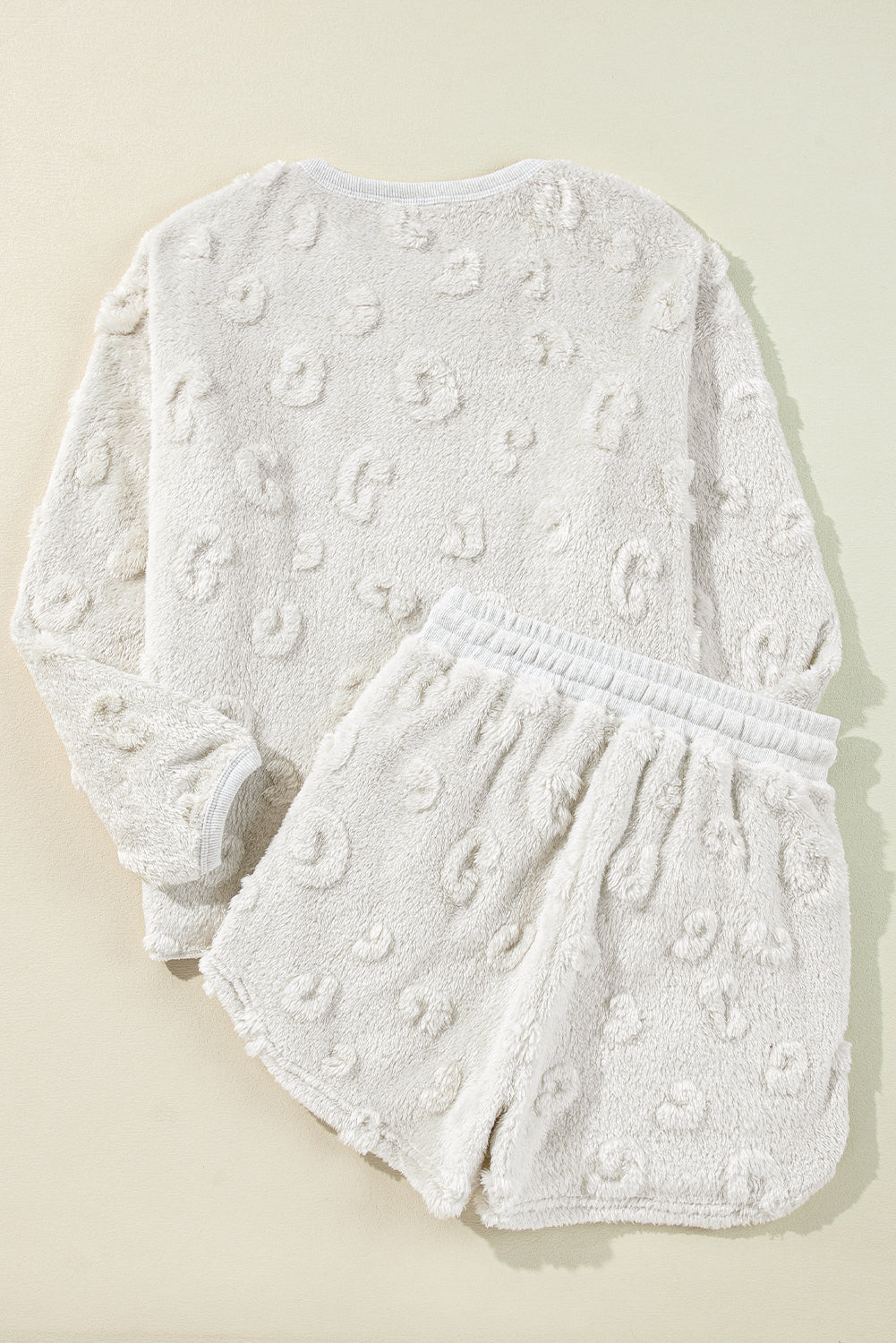 Light Grey Textured Leopard Fleece Loose Two Piece Lounge Set
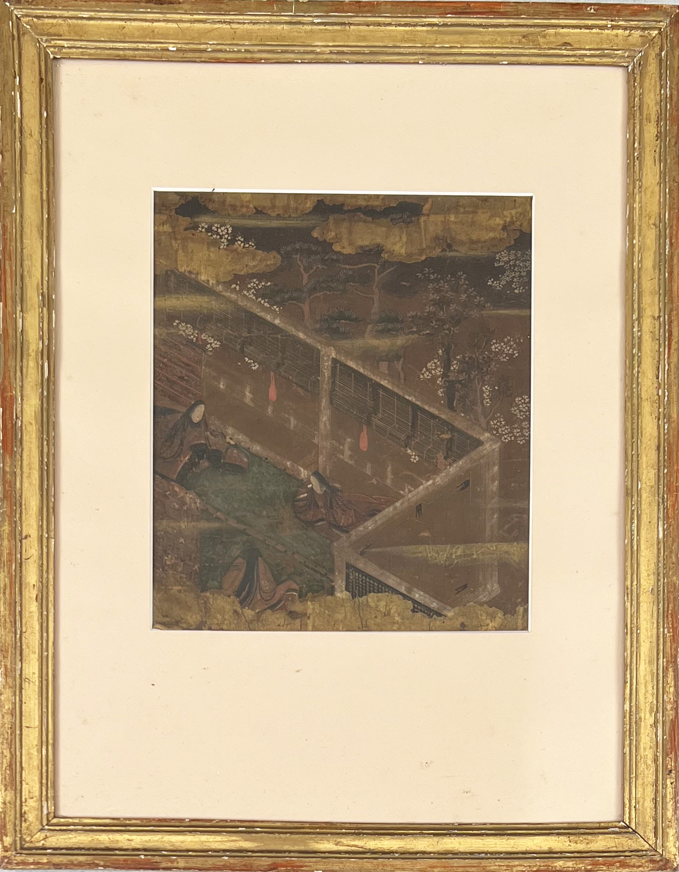three women in courtyard scene with gold painted details. Frame size: 19 1/4" high, 5 1/8" wide. Small losses. Not examined out of frame.
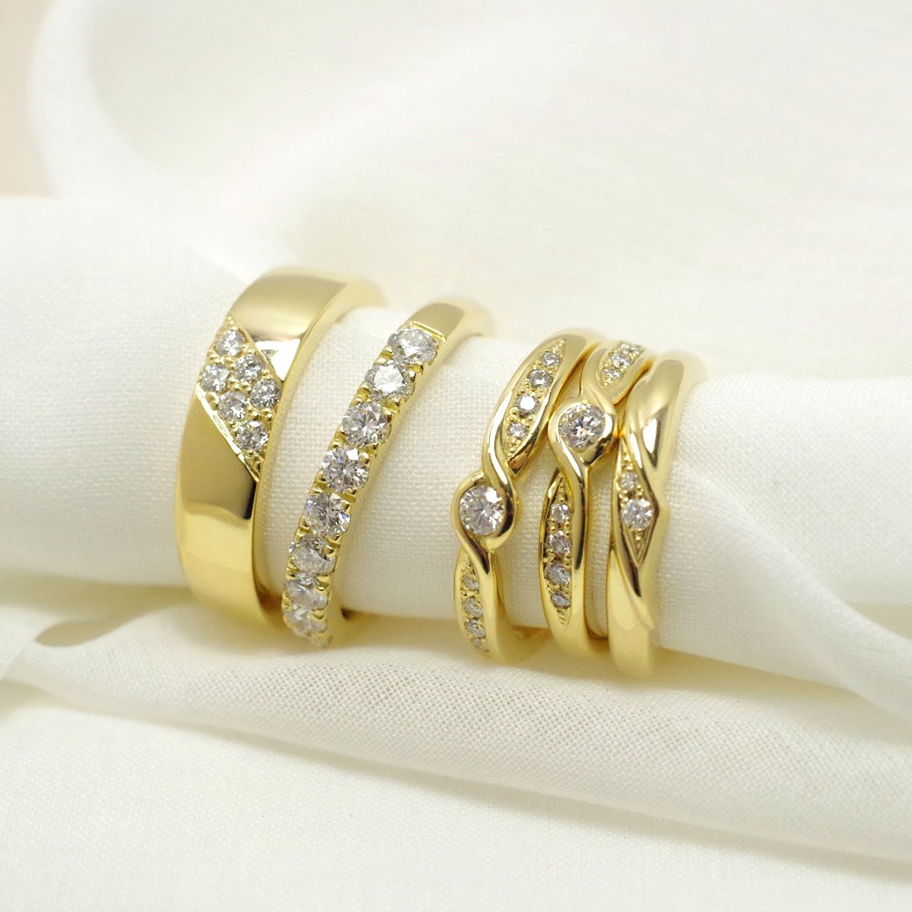 シンプルなリングに追加で宝石を表面や裏面に追加アレンジすることも可能です。
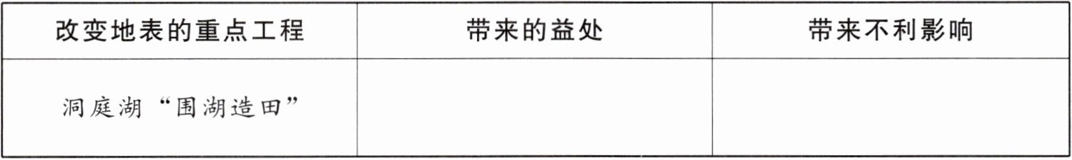人类的活动改变了地表环境的结构。比如,毁林垦种使森林变为农田;城市的建造使森林、草地和农田变为以混凝土为主的地面;过度放牧或开垦使草原变为荒漠;水库的建设使旱地变为水面等。总而言之,人类已经并正在改变地表环境的结构。这些改变有些是会带来益处的,有些则会带来不利影响。请搜集相关资料,整理并完成下表。
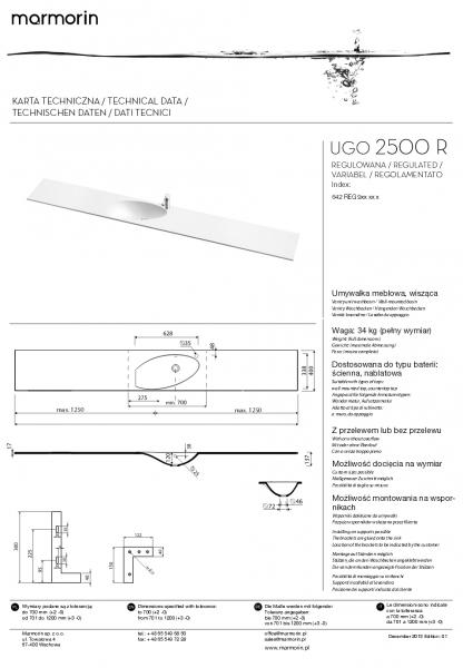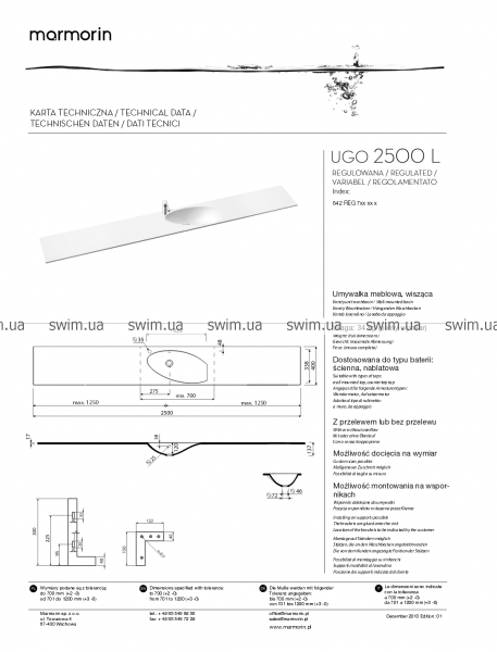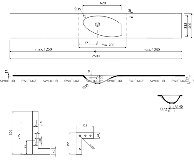 - Габаритные размеры раковины: макс. 2500 / мин. 700х400х137 мм
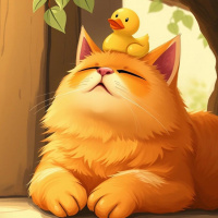 tabby cat with its eyes closed, seemingly asleep or in a relaxed state. On top of the cat's head is a yellow

WHAT THE TASK REQUIRES ▸
Copy every line above exactly, leaving no picture in the copy.

EXERCISE RESPONSE ▸
 Light Grey Textured Leopard Fleece Loose Two Piece Lounge Set
three women in courtyard scene with gold painted details. Frame size: 19 1/4" high, 5 1/8" wide. Small losses. Not examined out of frame.
 シンプルなリングに追加で宝石を表面や裏面に追加アレンジすることも可能です。
人类的活动改变了地表环境的结构。比如,毁林垦种使森林变为农田;城市的建造使森林、草地和农田变为以混凝土为主的地面;过度放牧或开垦使草原变为荒漠;水库的建设使旱地变为水面等。总而言之,人类已经并正在改变地表环境的结构。这些改变有些是会带来益处的,有些则会带来不利影响。请搜集相关资料,整理并完成下表。
 - Габаритные размеры раковины: макс. 2500 / мин. 700х400х137 мм
 tabby cat with its eyes closed, seemingly asleep or in a relaxed state. On top of the cat's head is a yellow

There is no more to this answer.